* [WHAT IS BEING ASKED]: Could you print exactly the lines from the one that contains "Длинный дождевик выполнен" to the end of the data, both ends included, and nothing else? Skip the pictures.

====================

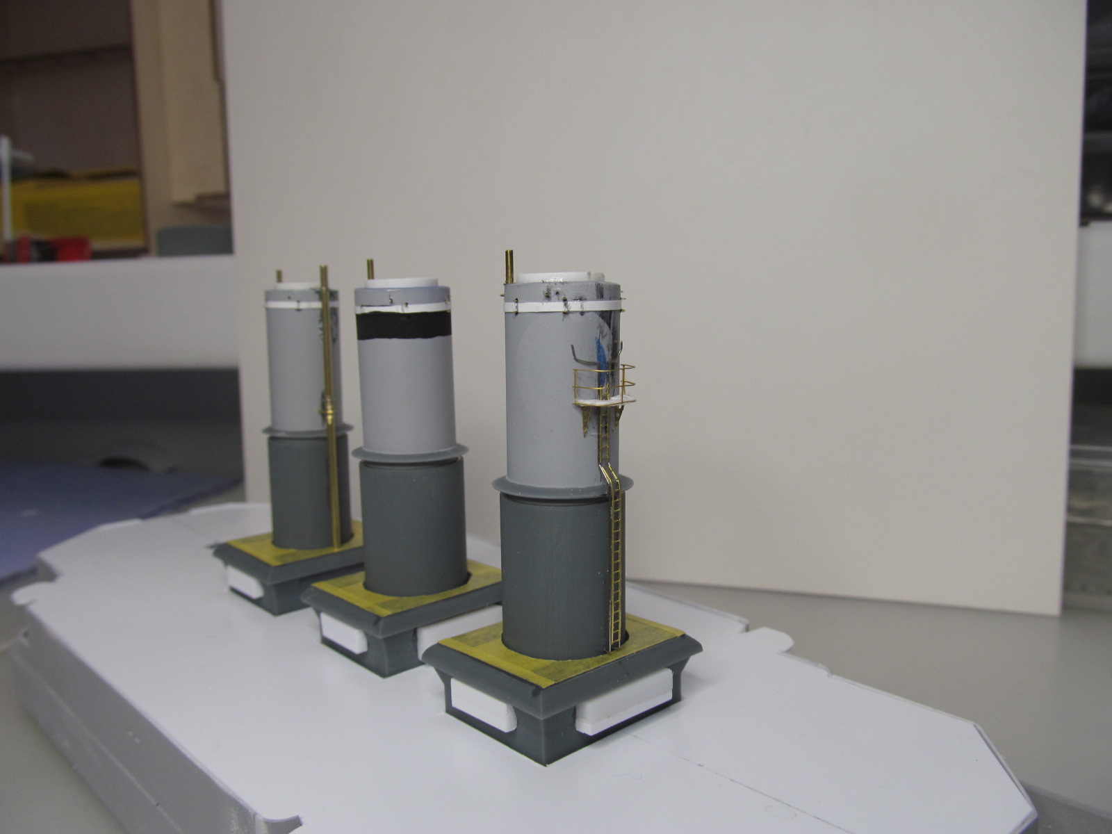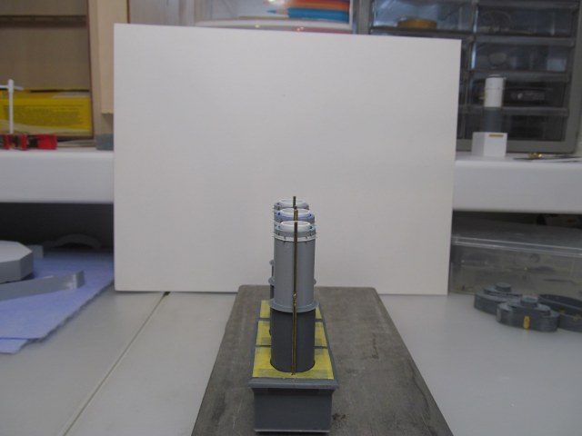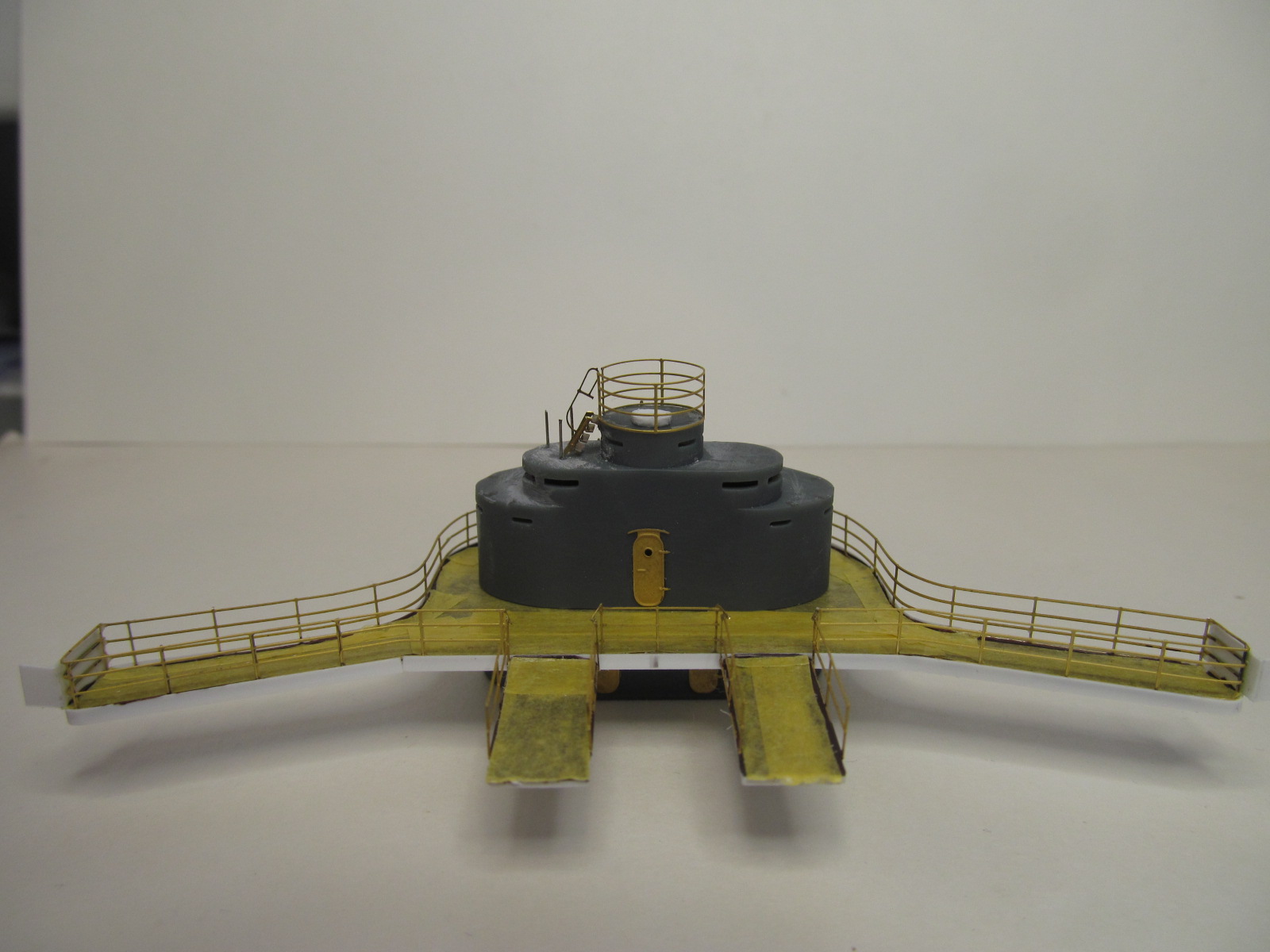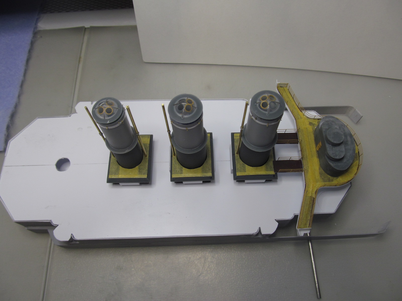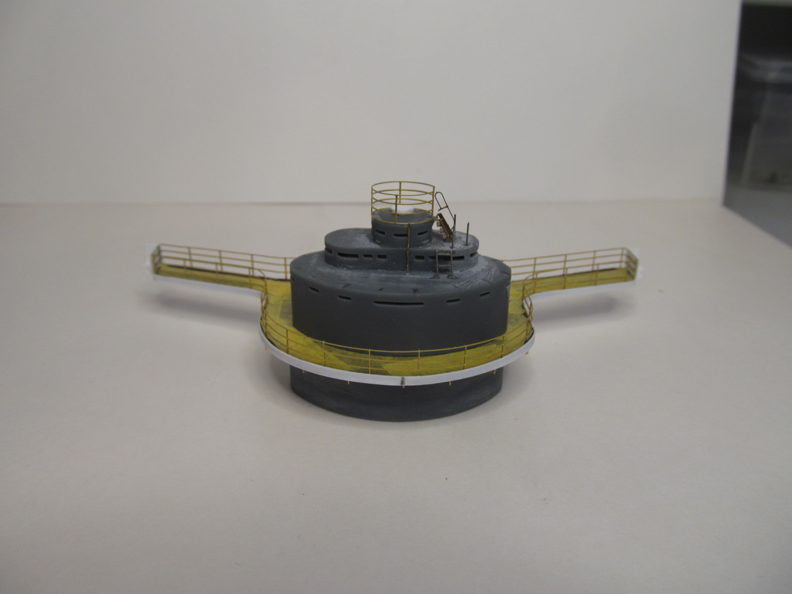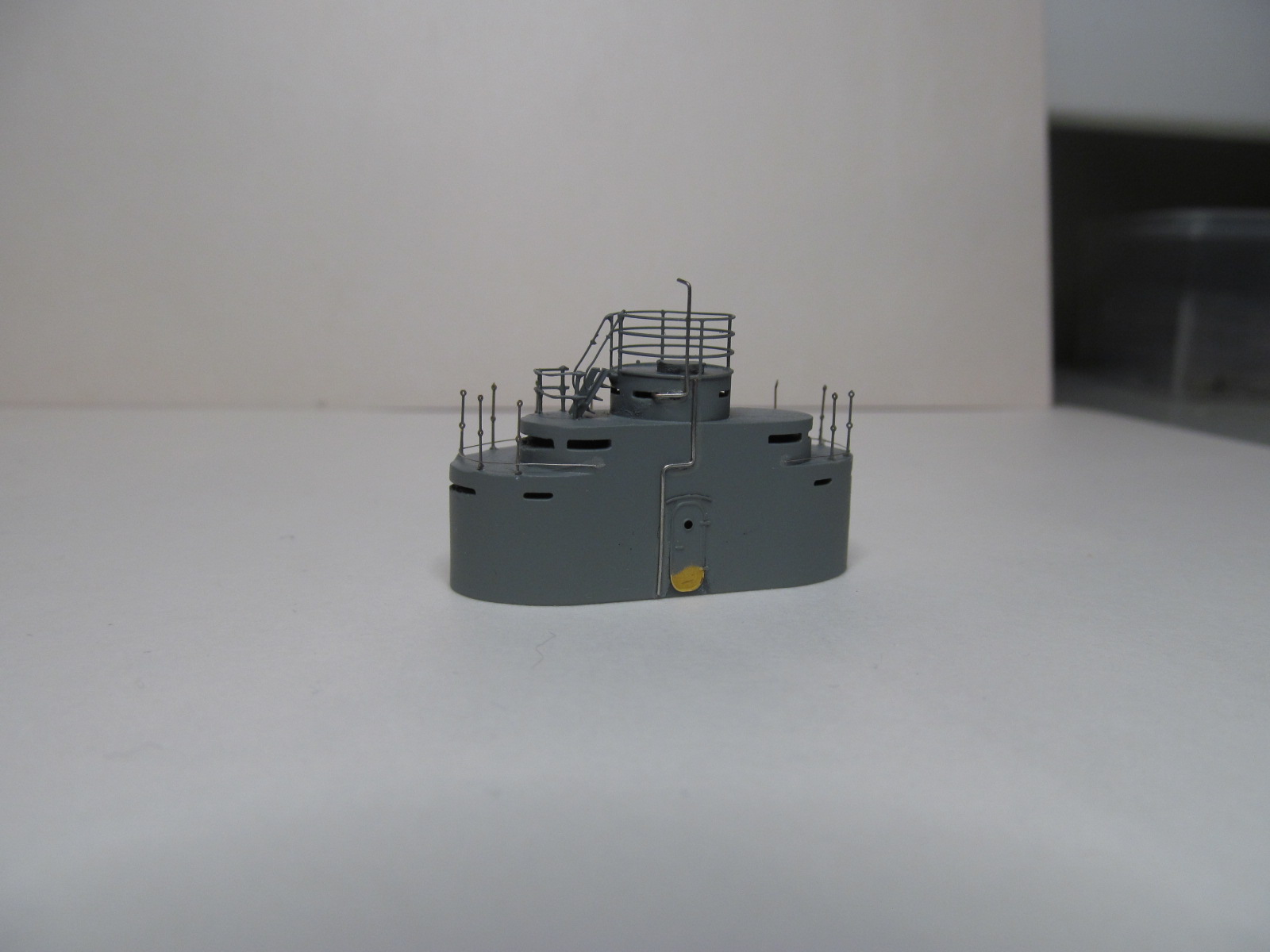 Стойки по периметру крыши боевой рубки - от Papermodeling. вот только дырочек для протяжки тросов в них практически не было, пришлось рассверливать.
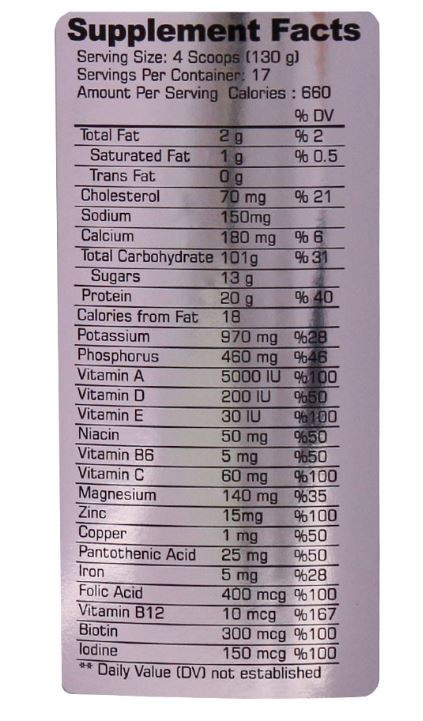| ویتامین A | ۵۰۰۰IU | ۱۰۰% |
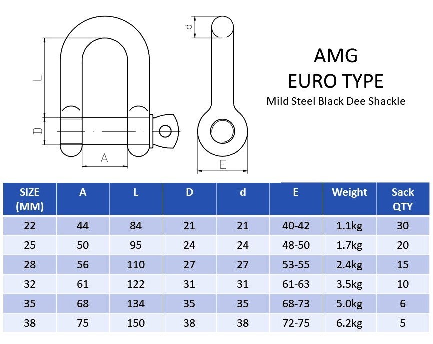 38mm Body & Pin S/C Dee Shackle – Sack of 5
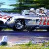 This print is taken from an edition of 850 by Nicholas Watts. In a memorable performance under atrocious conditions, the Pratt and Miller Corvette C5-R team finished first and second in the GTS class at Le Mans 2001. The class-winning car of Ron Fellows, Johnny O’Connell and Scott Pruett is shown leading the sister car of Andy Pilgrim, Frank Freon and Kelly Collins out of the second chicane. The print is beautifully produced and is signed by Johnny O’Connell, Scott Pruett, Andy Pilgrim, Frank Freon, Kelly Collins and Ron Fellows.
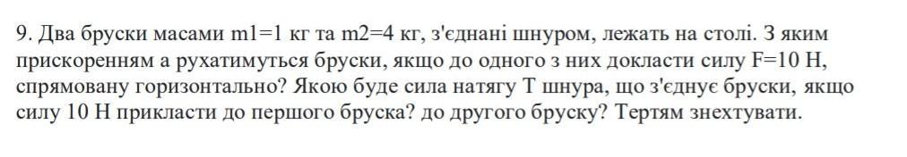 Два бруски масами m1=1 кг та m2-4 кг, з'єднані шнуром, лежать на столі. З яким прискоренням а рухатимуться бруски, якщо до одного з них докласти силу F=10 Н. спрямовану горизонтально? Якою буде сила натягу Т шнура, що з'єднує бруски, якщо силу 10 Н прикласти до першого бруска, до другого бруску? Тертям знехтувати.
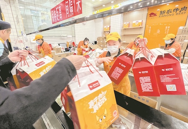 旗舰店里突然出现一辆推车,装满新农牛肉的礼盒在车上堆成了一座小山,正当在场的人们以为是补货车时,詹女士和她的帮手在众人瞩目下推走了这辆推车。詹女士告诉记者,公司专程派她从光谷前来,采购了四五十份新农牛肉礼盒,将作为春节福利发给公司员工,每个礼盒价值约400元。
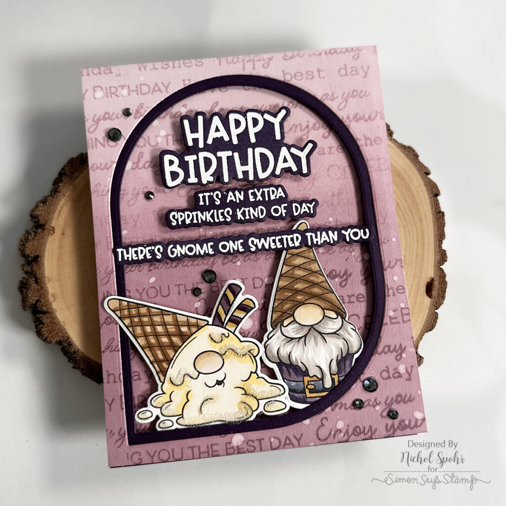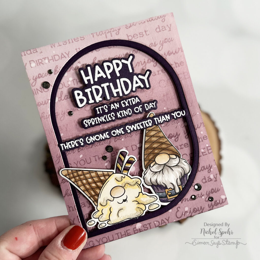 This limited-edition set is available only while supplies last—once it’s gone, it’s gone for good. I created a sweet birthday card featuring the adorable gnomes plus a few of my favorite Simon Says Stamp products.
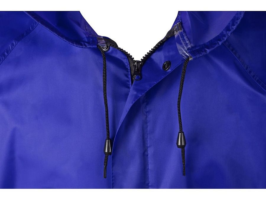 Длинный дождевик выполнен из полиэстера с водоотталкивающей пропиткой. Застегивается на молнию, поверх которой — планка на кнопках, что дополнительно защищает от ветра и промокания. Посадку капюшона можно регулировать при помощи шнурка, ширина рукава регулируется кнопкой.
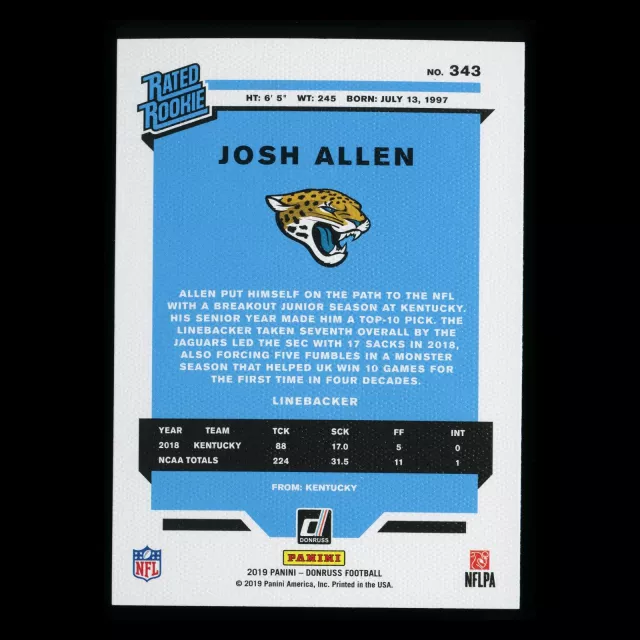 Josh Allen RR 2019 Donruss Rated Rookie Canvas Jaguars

====================

* [RESULT OF THIS TASK]:
 Длинный дождевик выполнен из полиэстера с водоотталкивающей пропиткой. Застегивается на молнию, поверх которой — планка на кнопках, что дополнительно защищает от ветра и промокания. Посадку капюшона можно регулировать при помощи шнурка, ширина рукава регулируется кнопкой.
 Josh Allen RR 2019 Donruss Rated Rookie Canvas Jaguars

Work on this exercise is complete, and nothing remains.